195. randevu... ezeli iki hırçın sevgili bunca yıldır sık sık buluşmanın kanıksamasından olacak sisli bir havada randevu verdikleri mithatpaşa’da tekrar karşılaştılar.
ve oyunun neticesini gösteren sıfırları birer çember yaparak çevire çevire tarihi belli olmayan 196. randevuda buluşmak üzere ayrılıp gittiler.
bu hep böyle oluyor. bir acaip kasıklık içerisinde katılaşan futbolcular hakiki oyunlarını ortaya koyamıyor. hırçın sevgililerin maçı taraftara anormal bir heyecan hariç bir temaşa zevki vermiyor.
hırçın sevgililer eğer dün alman hakem helmuth olmasaydı birbirlerini yiyebilir, tırmalayabilirlerdi. bayıldık doğrusu kurt helmuth'a.. adam maç değil sanki bir orkestra idare etti. bir de dünkü müsabakada en çok gözümüze takibin insan nedim oldu. o nazenin, tüy kadar hafif, topa girmekten ürken fenerbahçe forvetine nedim bir dinamizm kazandırmıştı. aydın ve ogün hariç takır takır oynuyorlardı hepsi... fenerbahçeli yöneticiler askerlerimiz gelsin düzeliriz demişlerdi. ilk defa doğru bir söz söylemişler..
galatasaray ise, neticeyi çantada keklik görmenin acısını çekti. ve maçın büyük bir kısmında ezeli rakibine mahkûm oldu ve kaybettiği bir puanla da şampiyonluktan biraz daha uzaklaştı.
fenerbahçe, galatasaray'ı yenecekti... beşiktaş da altay'ı.. beşiktaş 6 puan öne geçecekti... fenerbahçe prestijini kurtaracaktı... galatasaray ise şampiyonluk meydanından pılısını pırtısını toparlayıp, gidecekti... bu bir tahmindi, tutmadı.
galatasaray yenecek. beşiktaş yenilecek, şampiyonluk yarışı yeniden başlayacaktı. bu hesap da tutmadı.

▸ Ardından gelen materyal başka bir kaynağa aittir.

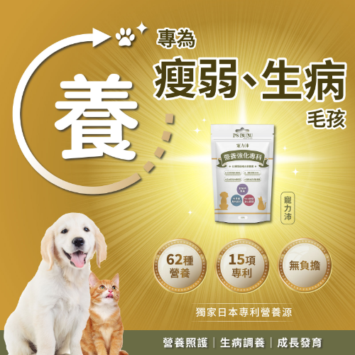 PS BUBU 寵力沛是革命性的毛孩健康維持全效營養,含62種天然成分的頂級活性配方,24項多國專利認證,添加日本專利新型態營養源-裸藻及富含BCAA的日本雪印專利乳清胜肽,研究顯示專利天然營養對肝腎的負擔小、吸收利用率高,能有效幫助毛孩成長發育、維持健康、均衡營養、生病調養、增進活力,不僅適合所有毛孩,對於腎病及腫瘤毛孩的營養照護更能有絕佳的幫助!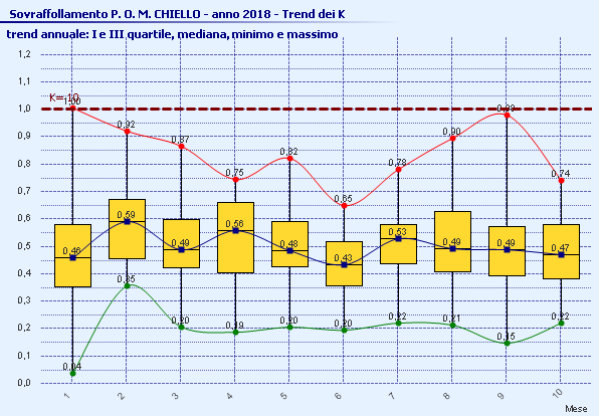 Di seguito si riportano sinteticamente e graficamente gli indicatori che descrivono i tempi di impegno dei Pronto Soccorso dell’Asp di Enna. Il sovraffollamento si verifica al superamento della linea K. In ordine di presentazione il primo grafico rappresenta i tempi di impegno su base assoluta mensile, il secondo su base assoluta giornaliera per il periodo considerato (Gennaio – Settembre), il terzo il trend delle distribuzioni dei tempi di impegno con i picchi di minimo e massimo mensili.

tam bir hafta bunlar konuşuldu ezeli rekabetin kulisinde. beraberlik diyen yoktu. iki devin biri düşecekti büyük oyunun sonunda. şampiyonluğun dengesini 90 dakika elinde tutan fenerbahçe kazanabileceği maçı berabere bitirdiği için taraftarlarını pek sevindiremedi. beşiktaşlılar bir puanın sıcaklığını altay galibiyetinden sonra daha fazla duymuş olmalıydılar... galatasaray bir değil, üç puan kaybetti. beşiktaş ise bir yerine üç puan aldı.

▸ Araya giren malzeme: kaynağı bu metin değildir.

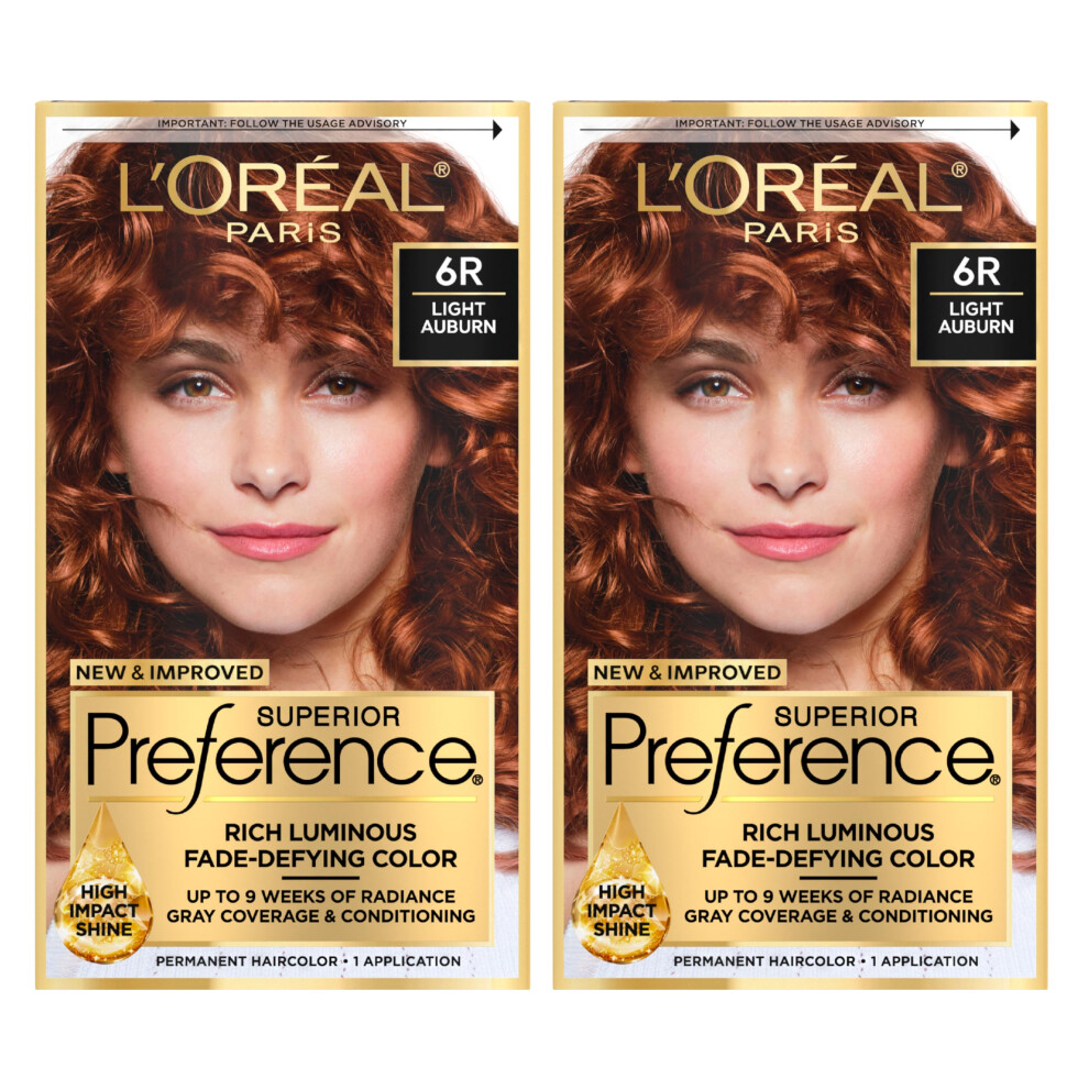 L'Oreal Paris Superior Preference Luminous Fade-Defying Permanent Hair Color Hair Dye For Up to 9 Weeks of Radiance Light Auburn 6R 1 Hair Dye Kit

«kara kartal» ın gölgesi şampiyonluğun tepesine düşmek üzeredir...
sisli maçtı ama, süslü maç değildi. büyük renklerin büyük adamları, büyük heyecanın maçını o büyüklükte bir futbolle süsleyemediler.
kâğıt üstündeki «anahtarlı maç», sahada «sitil maçı» oluvermişti. ve iki taraf da galibiyetin anahtarını kaybetti o sis içinde...

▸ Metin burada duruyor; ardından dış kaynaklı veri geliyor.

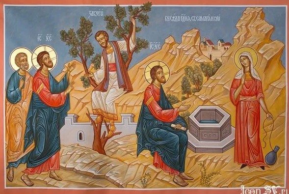 Εκείνο τον καιρό, έφτασε ο Κύριος σε μια πόλη της Σαμάρειας που λεγόταν Συχάρ, κοντά στο χωράφι που είχε δώσει ο Ιακώβ στο γιο του τον Ιωσήφ. Εκεί βρισκόταν το πηγάδι του Ιακώβ. Ο Ιησούς, κουρασμένος από την πεζοπορία, κάθισε κοντά στο πηγάδι· ήταν γύρω στο μεσημέρι. Έρχεται τότε μια γυναίκα από τη Σαμάρεια να βγάλει νερό.

bir başka yönden «askerlerin maçı» ydı. o askerler de, kendilerine verilen değeri boşa çıkarmayan bir başarı gösterdiler. bir nedim, bir selim. fenerbahçe'ye çok şey getirmişti, galatasaray'ın sık sık zorlanmasının en büyük nedeni de buydu.
evet, «sisli maç» tı, ama centilmence sürüp giden mücadelede, bir sis perdesiyle örtülmesi gereken çirkin hareketler hiç olmadı. dünkü karşılaşmanın en çok memnunluk yaratan yanı da burasıydı galiba... ve o sis içinde sahaya inen kartal, 2 puanlık maçın üçüncü puanını alıp şampiyonluğa doğru uçuverdi.